外には十人近くの近衛兵が三人の侍女を縄で縛り捕らえている。
あきらかに、尋常ではない。
近衛兵は国王に対して礼をとったが、その国王は青い顔をしている。
急いで中に入る。そこにはテーブルと椅子が一つずつあった。テーブルの上には裁縫箱と、刺繍が途中のハンカチ。椅子は、倒れている。
「カタリナ姫!」
奥の部屋へと進むと、寝室でカタリナ姫は眠っていた。
安堵のため息が出ようとしたが、ぎくり、と足が止まった。
そのベッドの周りの医師が数名、沈痛な面持ちで頭を下げていたのだ。
ぐらり、と体が揺れた。
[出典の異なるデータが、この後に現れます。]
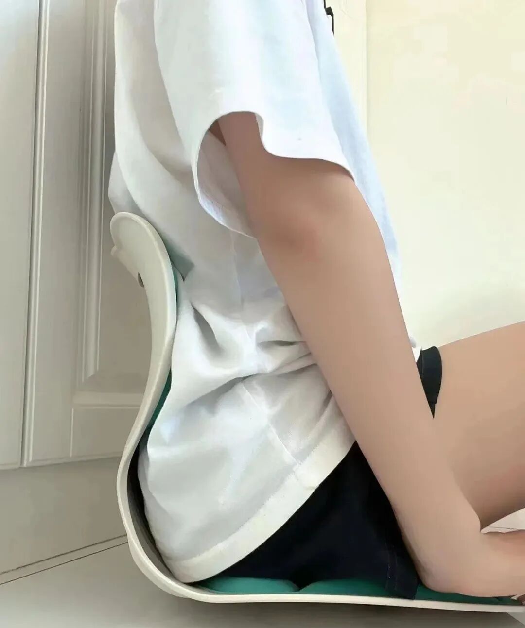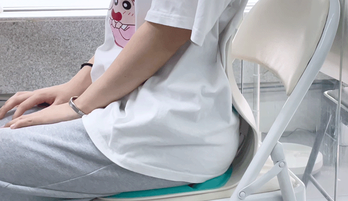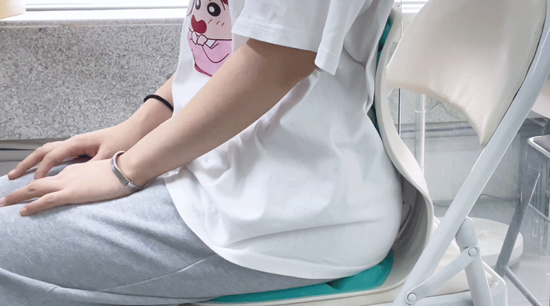 普通腰靠和坐垫,对坐姿毫无改变,坐上去依旧驼背含胸低头,大肚腩都坐出来了!

支えたのは後から追ってきたロタールだ。
「……ロタール、何が、あった」
「…………。カタリナ姫は、お亡くなりになりました」
ジギスムントの頭の中が真っ白になる。ぼんやりと、思い返す。
(今日の昼だったな。ピクニックに行ったのは)
『わたくしを看取らなければいけないんですもの!』
すぐ、前のことだった。思い出すまでもない。そのとき何を食べたのかすら分かる。
『子どもを作って、一緒に孫を見てひ孫を見て、わたくしを看取らなければいけないんですもの!』
「ジギスムント様、カタリナ姫は……」
「言うな!!」
叫んでいた。
「言うな言うな言うなっ!! カタリナ姫が、カタリナ姫が死んだなんて!!」
呼吸は激しくなり、肩で息をしていた。泣きべそをかいているようであったが、泣いていなかった。ロタールはじっと肩を支え続けて、落ち着くのを待っている。
何一つ、満たされなかった彼女。
(じゃあ、ぼくは、ぼくは、どうすればいいんだ……!!)
今、カタリナ姫という光が失われた。
(ぼくは、どうすればっ……)
ゆっくりと、体は落ち着いてゆく。心は落ち着くはずもない。
大変な精神力を要したが、冷静に促した。
「……すまない。ロタール、詳しい話を」
ロタールはジギスムントの様子を心配しながらも話し始めた。
「カタリナ姫は、昼食後、この部屋で刺繍の道具を侍女に求めました。ハンカチに、花の刺繍をしようとしていらしたようです。歌を歌いながら、ご機嫌な様子で刺繍をなさっていました。針を指に刺すまでは。とたんに苦しまれました。すぐに侍医を呼び、解毒の治療を行いましたが、間に合わず……」
ジギスムントは、肩を揺らしながら低い笑い声を上げる。
「は、は、はは、は……。じゃあ、針に毒が塗ってあったと。外で捕まっているやつらが実行者、というわけだな?」
「はい。ただ、誰が指示を出したのかは、未だ捜査中で……」
ジギスムントは走り出した。
王妃の間の外に出て、驚いた近衛兵に目もくれず、捕まえている侍女の一人に光のない目を向けた。おもむろに聖剣ハリヤを抜き、侍女の首筋に当てた。
「誰が首謀者だ」
侍女は答えない。十分訓練された人間のようだ。
ジギスムントはまさしく狂気という笑顔を向け、見もせずに、その侍女の腕を切り落とした。血が噴き出す。侍女が悲鳴を上げる。いかに訓練された人間であろうと、腕を切られて声をあげない人間はいないだろう。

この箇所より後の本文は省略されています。